Kahne will be part of Chase
Kasey Kahne of Enumclaw has secured at least a wild-card spot in the 12-driver, 10-race NASCAR Chase for the Sprint Cup Championship.
The Chase field will be set after Saturday night’s Federated Auto Parts 400 in Richmond, Va.
Jimmie Johnson, Clint Bowyer, Kevin Harvick, Carl Edwards, Kyle Busch and Matt Kenseth also have qualified for the Chase. Ten drivers have a chance to earn one of the five other spots.
Greg Biffle of Vancouver, Wash., is ninth in points. According to NASCAR officials, no matter what any other driver does, Biffle can guarantee himself a berth in the Chase if he finishes ninth or better Saturday; or places 10th with at least one lap led; or finishes 11th with the most laps led.
•North Carolina junior P.J. Hairston, the basketball team’s leading scorer last season, pleaded guilty to a reduced charge of speeding and an unsafe-movement violation after being cited for reckless driving in July.

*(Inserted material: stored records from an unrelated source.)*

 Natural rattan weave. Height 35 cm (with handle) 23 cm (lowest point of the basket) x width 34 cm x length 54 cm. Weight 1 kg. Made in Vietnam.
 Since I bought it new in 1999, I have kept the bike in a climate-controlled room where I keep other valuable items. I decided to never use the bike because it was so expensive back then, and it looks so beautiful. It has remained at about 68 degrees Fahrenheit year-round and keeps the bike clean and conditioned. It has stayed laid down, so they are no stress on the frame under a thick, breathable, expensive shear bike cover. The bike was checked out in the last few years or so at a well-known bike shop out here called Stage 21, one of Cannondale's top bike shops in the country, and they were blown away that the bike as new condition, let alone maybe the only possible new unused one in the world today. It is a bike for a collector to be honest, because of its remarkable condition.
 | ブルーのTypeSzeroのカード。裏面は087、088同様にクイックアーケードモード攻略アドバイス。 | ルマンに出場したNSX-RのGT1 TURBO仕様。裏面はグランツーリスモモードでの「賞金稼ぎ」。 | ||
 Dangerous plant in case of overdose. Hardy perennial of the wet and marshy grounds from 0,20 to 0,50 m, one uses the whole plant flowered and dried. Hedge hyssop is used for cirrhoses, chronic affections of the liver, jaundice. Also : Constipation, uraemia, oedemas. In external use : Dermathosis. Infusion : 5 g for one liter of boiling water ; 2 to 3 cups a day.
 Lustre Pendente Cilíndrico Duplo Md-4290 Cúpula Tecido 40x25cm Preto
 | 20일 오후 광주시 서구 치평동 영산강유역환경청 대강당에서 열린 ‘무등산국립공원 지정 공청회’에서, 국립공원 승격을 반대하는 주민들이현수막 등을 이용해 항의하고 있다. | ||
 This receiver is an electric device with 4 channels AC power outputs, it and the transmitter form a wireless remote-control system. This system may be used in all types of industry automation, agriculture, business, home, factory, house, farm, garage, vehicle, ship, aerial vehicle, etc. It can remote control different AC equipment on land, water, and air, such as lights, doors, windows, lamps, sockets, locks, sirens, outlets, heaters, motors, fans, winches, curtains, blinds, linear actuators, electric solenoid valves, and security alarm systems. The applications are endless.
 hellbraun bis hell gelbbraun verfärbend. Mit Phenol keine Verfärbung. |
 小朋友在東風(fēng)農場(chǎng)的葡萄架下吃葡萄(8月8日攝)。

Rowan County District Judge Kevin Eddinger accepted Hairston’s plea for driving 75 mph in a 65 mph zone from attorney T. Gregory Jones. Hairston has to pay a $40 fine and court costs.
Hairston was cited for driving 93 mph on Interstate 85 on July 28. The school indefinitely suspended him hours later.
It was the third off-court misstep this offseason for Hairston, who was twice cited in a month while driving a rental car linked to a felon. He was driving a car registered to a friend when cited in July.
• Blue II, the English bulldog mascot who gained national attention during Butler’s run to the NCAA basketball title games in 2010 and 2011, died Saturday of complications from congestive heart failure. He was 9.
Blue II was retired from mascot duties May 20. He has been succeeded by Blue III.